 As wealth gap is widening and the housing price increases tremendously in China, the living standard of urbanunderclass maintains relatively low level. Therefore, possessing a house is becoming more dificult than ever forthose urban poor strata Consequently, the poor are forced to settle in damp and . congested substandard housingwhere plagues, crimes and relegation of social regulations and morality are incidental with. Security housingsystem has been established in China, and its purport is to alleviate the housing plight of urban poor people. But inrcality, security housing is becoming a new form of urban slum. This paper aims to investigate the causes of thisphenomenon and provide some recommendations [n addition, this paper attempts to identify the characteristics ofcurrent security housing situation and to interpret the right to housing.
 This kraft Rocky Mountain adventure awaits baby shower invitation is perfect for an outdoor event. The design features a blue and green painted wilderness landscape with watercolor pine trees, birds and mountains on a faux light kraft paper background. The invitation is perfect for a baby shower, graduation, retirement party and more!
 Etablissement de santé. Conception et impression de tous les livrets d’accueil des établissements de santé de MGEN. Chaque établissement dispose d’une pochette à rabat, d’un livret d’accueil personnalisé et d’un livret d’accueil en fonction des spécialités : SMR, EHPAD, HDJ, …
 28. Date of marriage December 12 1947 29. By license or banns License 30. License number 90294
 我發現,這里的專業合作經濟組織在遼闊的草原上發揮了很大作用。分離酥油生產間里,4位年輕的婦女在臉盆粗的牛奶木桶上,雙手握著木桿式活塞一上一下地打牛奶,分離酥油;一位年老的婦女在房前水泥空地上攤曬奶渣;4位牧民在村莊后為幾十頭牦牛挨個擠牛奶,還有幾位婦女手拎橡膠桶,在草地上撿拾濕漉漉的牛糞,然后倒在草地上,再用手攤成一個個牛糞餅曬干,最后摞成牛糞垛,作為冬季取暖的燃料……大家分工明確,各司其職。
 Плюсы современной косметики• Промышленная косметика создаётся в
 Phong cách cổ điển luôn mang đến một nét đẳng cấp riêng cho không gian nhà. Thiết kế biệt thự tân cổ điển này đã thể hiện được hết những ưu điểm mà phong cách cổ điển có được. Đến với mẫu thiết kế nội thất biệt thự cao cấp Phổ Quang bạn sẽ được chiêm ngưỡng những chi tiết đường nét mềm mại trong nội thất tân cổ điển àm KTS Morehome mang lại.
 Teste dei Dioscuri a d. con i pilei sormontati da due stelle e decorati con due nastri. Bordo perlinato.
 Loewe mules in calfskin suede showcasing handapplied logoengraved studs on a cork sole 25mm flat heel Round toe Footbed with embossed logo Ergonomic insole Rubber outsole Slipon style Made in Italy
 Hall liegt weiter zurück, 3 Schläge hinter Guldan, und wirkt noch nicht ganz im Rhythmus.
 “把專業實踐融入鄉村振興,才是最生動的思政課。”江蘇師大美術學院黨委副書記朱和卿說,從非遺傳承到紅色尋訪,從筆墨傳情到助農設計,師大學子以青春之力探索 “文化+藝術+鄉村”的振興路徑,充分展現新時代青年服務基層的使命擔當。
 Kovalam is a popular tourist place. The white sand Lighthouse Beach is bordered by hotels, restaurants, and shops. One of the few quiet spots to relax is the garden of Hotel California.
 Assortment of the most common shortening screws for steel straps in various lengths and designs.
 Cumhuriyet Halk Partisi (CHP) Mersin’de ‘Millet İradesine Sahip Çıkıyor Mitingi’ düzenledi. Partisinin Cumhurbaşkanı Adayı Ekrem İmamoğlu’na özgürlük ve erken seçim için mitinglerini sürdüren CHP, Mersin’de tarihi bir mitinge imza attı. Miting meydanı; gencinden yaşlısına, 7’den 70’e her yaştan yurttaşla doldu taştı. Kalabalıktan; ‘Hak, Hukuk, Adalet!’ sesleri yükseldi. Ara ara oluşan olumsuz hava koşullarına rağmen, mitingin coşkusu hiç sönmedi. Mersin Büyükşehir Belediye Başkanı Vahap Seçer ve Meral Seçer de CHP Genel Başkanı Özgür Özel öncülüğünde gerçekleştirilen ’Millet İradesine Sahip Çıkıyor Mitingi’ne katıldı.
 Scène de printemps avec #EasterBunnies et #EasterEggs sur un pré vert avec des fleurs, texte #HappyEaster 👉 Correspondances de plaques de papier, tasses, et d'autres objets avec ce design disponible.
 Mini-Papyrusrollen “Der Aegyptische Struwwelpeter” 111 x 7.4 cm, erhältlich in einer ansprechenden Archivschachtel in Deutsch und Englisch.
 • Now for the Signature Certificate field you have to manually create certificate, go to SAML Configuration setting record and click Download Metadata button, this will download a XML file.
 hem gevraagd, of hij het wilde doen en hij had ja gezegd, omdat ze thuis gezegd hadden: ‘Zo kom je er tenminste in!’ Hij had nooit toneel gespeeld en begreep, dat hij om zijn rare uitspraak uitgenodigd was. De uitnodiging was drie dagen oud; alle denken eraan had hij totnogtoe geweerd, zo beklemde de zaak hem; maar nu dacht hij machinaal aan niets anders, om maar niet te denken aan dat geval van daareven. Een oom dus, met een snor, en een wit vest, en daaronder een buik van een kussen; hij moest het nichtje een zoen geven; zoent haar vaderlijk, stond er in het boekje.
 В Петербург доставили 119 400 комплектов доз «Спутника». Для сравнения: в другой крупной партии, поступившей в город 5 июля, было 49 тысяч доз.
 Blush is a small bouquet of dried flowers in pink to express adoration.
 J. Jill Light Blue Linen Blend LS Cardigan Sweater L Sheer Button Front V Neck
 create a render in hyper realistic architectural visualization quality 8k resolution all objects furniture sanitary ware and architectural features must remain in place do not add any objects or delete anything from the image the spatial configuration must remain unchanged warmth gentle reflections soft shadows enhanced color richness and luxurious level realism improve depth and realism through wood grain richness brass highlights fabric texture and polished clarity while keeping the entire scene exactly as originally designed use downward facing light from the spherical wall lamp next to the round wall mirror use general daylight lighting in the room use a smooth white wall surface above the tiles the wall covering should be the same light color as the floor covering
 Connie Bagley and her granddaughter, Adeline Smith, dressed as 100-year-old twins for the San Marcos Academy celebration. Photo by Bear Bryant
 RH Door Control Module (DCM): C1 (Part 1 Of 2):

···

■ **Problem description**: An exact copy of all the records is what is needed here.

■ **Answer to this exercise**:
 As wealth gap is widening and the housing price increases tremendously in China, the living standard of urbanunderclass maintains relatively low level. Therefore, possessing a house is becoming more dificult than ever forthose urban poor strata Consequently, the poor are forced to settle in damp and . congested substandard housingwhere plagues, crimes and relegation of social regulations and morality are incidental with. Security housingsystem has been established in China, and its purport is to alleviate the housing plight of urban poor people. But inrcality, security housing is becoming a new form of urban slum. This paper aims to investigate the causes of thisphenomenon and provide some recommendations [n addition, this paper attempts to identify the characteristics ofcurrent security housing situation and to interpret the right to housing.
 This kraft Rocky Mountain adventure awaits baby shower invitation is perfect for an outdoor event. The design features a blue and green painted wilderness landscape with watercolor pine trees, birds and mountains on a faux light kraft paper background. The invitation is perfect for a baby shower, graduation, retirement party and more!
 Etablissement de santé. Conception et impression de tous les livrets d’accueil des établissements de santé de MGEN. Chaque établissement dispose d’une pochette à rabat, d’un livret d’accueil personnalisé et d’un livret d’accueil en fonction des spécialités : SMR, EHPAD, HDJ, …
 28. Date of marriage December 12 1947 29. By license or banns License 30. License number 90294
 我發現,這里的專業合作經濟組織在遼闊的草原上發揮了很大作用。分離酥油生產間里,4位年輕的婦女在臉盆粗的牛奶木桶上,雙手握著木桿式活塞一上一下地打牛奶,分離酥油;一位年老的婦女在房前水泥空地上攤曬奶渣;4位牧民在村莊后為幾十頭牦牛挨個擠牛奶,還有幾位婦女手拎橡膠桶,在草地上撿拾濕漉漉的牛糞,然后倒在草地上,再用手攤成一個個牛糞餅曬干,最后摞成牛糞垛,作為冬季取暖的燃料……大家分工明確,各司其職。
 Плюсы современной косметики• Промышленная косметика создаётся в
 Phong cách cổ điển luôn mang đến một nét đẳng cấp riêng cho không gian nhà. Thiết kế biệt thự tân cổ điển này đã thể hiện được hết những ưu điểm mà phong cách cổ điển có được. Đến với mẫu thiết kế nội thất biệt thự cao cấp Phổ Quang bạn sẽ được chiêm ngưỡng những chi tiết đường nét mềm mại trong nội thất tân cổ điển àm KTS Morehome mang lại.
 Teste dei Dioscuri a d. con i pilei sormontati da due stelle e decorati con due nastri. Bordo perlinato.
 Loewe mules in calfskin suede showcasing handapplied logoengraved studs on a cork sole 25mm flat heel Round toe Footbed with embossed logo Ergonomic insole Rubber outsole Slipon style Made in Italy
 Hall liegt weiter zurück, 3 Schläge hinter Guldan, und wirkt noch nicht ganz im Rhythmus.
 “把專業實踐融入鄉村振興,才是最生動的思政課。”江蘇師大美術學院黨委副書記朱和卿說,從非遺傳承到紅色尋訪,從筆墨傳情到助農設計,師大學子以青春之力探索 “文化+藝術+鄉村”的振興路徑,充分展現新時代青年服務基層的使命擔當。
 Kovalam is a popular tourist place. The white sand Lighthouse Beach is bordered by hotels, restaurants, and shops. One of the few quiet spots to relax is the garden of Hotel California.
 Assortment of the most common shortening screws for steel straps in various lengths and designs.
 Cumhuriyet Halk Partisi (CHP) Mersin’de ‘Millet İradesine Sahip Çıkıyor Mitingi’ düzenledi. Partisinin Cumhurbaşkanı Adayı Ekrem İmamoğlu’na özgürlük ve erken seçim için mitinglerini sürdüren CHP, Mersin’de tarihi bir mitinge imza attı. Miting meydanı; gencinden yaşlısına, 7’den 70’e her yaştan yurttaşla doldu taştı. Kalabalıktan; ‘Hak, Hukuk, Adalet!’ sesleri yükseldi. Ara ara oluşan olumsuz hava koşullarına rağmen, mitingin coşkusu hiç sönmedi. Mersin Büyükşehir Belediye Başkanı Vahap Seçer ve Meral Seçer de CHP Genel Başkanı Özgür Özel öncülüğünde gerçekleştirilen ’Millet İradesine Sahip Çıkıyor Mitingi’ne katıldı.
 Scène de printemps avec #EasterBunnies et #EasterEggs sur un pré vert avec des fleurs, texte #HappyEaster 👉 Correspondances de plaques de papier, tasses, et d'autres objets avec ce design disponible.
 Mini-Papyrusrollen “Der Aegyptische Struwwelpeter” 111 x 7.4 cm, erhältlich in einer ansprechenden Archivschachtel in Deutsch und Englisch.
 • Now for the Signature Certificate field you have to manually create certificate, go to SAML Configuration setting record and click Download Metadata button, this will download a XML file.
 hem gevraagd, of hij het wilde doen en hij had ja gezegd, omdat ze thuis gezegd hadden: ‘Zo kom je er tenminste in!’ Hij had nooit toneel gespeeld en begreep, dat hij om zijn rare uitspraak uitgenodigd was. De uitnodiging was drie dagen oud; alle denken eraan had hij totnogtoe geweerd, zo beklemde de zaak hem; maar nu dacht hij machinaal aan niets anders, om maar niet te denken aan dat geval van daareven. Een oom dus, met een snor, en een wit vest, en daaronder een buik van een kussen; hij moest het nichtje een zoen geven; zoent haar vaderlijk, stond er in het boekje.
 В Петербург доставили 119 400 комплектов доз «Спутника». Для сравнения: в другой крупной партии, поступившей в город 5 июля, было 49 тысяч доз.
 Blush is a small bouquet of dried flowers in pink to express adoration.
 J. Jill Light Blue Linen Blend LS Cardigan Sweater L Sheer Button Front V Neck
 create a render in hyper realistic architectural visualization quality 8k resolution all objects furniture sanitary ware and architectural features must remain in place do not add any objects or delete anything from the image the spatial configuration must remain unchanged warmth gentle reflections soft shadows enhanced color richness and luxurious level realism improve depth and realism through wood grain richness brass highlights fabric texture and polished clarity while keeping the entire scene exactly as originally designed use downward facing light from the spherical wall lamp next to the round wall mirror use general daylight lighting in the room use a smooth white wall surface above the tiles the wall covering should be the same light color as the floor covering
 Connie Bagley and her granddaughter, Adeline Smith, dressed as 100-year-old twins for the San Marcos Academy celebration. Photo by Bear Bryant
 RH Door Control Module (DCM): C1 (Part 1 Of 2):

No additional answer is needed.